7. BENTAKAN KASAR

7 2 0
                                    

Di kamar, Zeya sudah siap dengan seragam dan tasnya, waktu sudah menunjukkan pukul Tujuh lebih. Kini dia duduk di atas kasur memakai septunya, Setelah memakainya  dia pun beranjak dari kasur ingin keluar kamar. Saat melewati kaca dia berhenti sebentar dan melirik penampilanya, memastikan apakah sudah rapi atau belum

Rambut terkuncir kuda dengan poni tipis yang menghiasi jidatnya, dan dia melingkis sedikit lengan seragamnya yang sedikit kebesaran di tubuh cungkrignya itu.

"Perfect," ujar Zeya puas melihat penampilannya. Dia tersenyum, lalu dengan tegap dia memegang erat tas ransel yang dia selempangkan di tangan kirinya.

Dia beranjak dari kamar dan berjalan menuruni tangga untuk ke ruang makan.

Zeya menuruni tangga dengan bersenandung ringan. Tapi, sesampainya dia dari jarak  yang tak jauh dari meja makan, dia berhenti sejenak lalu menghembuskn napas dan menipiskan bibirnya.

ia mulai menjadi tak selera makan. Karena melihat kedua orang tuanya sudah duduk di sana. Namun, hal yang membuat Zeya semakin tak berselera adalah ketika dia melihat kedua orang tuanya tengah sibuk dengan dunia nya masing-masing.

Mama dan Papa nya sibuk menatap layar ponsel dan tablet, tanpa memperdulikan makanan di hadapan mereka.

Zeya pun melangkahkan kaki dengan berat ke menuju meja makan. Dia menarik kursi di seberang mamanya.

Saat duduk di sana, Zeya memperhatikan mereka berdua. Zeya meras sangat asing, Mama dan Papanya benar-benar tak melihat ya.

Dia memutar bola mata malas, itu adalah pemandangan yang benar-benar memuakan setiap harinya. Orangtua Zeya selalu sibuk dengan pekerjaannya membuat Zeya tidak dapat perhatian sedikit pun dari mereka. Bahkan, waktu bersama pun hampir tidak pernah di lakukan oleh keluarga Zeya.

"Tumben, si Mr. And Mrs. Busy masih dirumah. Biasanya pagi-pagi buta udah ke kantor." Zeya memandang malas kedua orangtuanya bergantian,

"Kerjaan mulu yang diurusin, makan aja harus bareng sama ponsel. Heran," Zeya mengelengkan kepalanya.

Dia mulai jengah, jadi dia sampai tak tahan untuk tidak membuka suara. Tak dihiraukan akhirnya Zeya tak ingin membuka percakapan lagi, akhirny Zeya memilih untuk mengambil nasi dan lauk tanpa memperdulikan orang tuanya.

"Kamu katanya dapet masalah di sekolah saat acara MOS?" tanya  Wiken, mama Zeya. Pandanganya sama sekali tak lepas pada ponsel-nya.

Zeya  menghentikan gerakan tangan sebentar saat ingin mengambil telur goreng, dia memutar bola mata malas. Pasti mereka dapat laporan dari sekolah. Dan dia bisa menebak sarpanya pagi ini tidak akan berjalan lancar.

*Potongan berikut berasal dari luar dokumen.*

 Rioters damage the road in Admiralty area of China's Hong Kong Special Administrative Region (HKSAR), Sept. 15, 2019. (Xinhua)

Zeya membalasnya dengan gumaman, lalu melanjutkan aktifitasnya.

"Kamu itu bisa tidak menjadi anak perempuan yang sewajarnya?" sahut pria paruh baya di sebelah Zeya, pandangannya masih tertuju pada tablet di genggamannya. Satya, Papa Zeya.

NAH KAN

Hahahahha sudah Zeya duga.

"Bisa tidak kalian menjadi orangtua yang sewajarnya?" balas Zeya santai, memasukan sesuap nasi kedalam mulutnya.

Papa dan Mama Zeya menoleh kompak, mendengar balasan ucapan dari anak semata wayangnya itu yang dianggap berani.

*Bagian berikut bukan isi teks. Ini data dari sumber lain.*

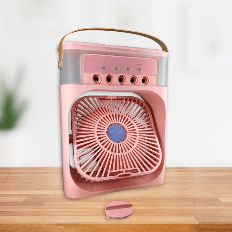 Portable Air Conditioner Fan, 500 ml Water Tank USB Cooler with 7 Colors LED Light, 3 Timer, 3 Wind Speeds, 3 Spray Modes Multicolor!

"Zeya, kalau dikasih tahu jangan menjawab." sahut Mama Zeya. Membuat Zeya menipiskan bibir dan kembali mengunyah makananya

"Kamu ini seorang gadis Zeya! kenapa kamu tidak bisa bersikap seperti gadis pada umumnya? Yang ramah dan kalem. Tidak bikin rusuh tiap saat, padahal kemarin adalah hari pertama kamu sekolah, tapi kamu sudah membuat onar dengan tingkah laku kamu" ujar Papa Zeya, mengintrogasi  anak perempuanya itu.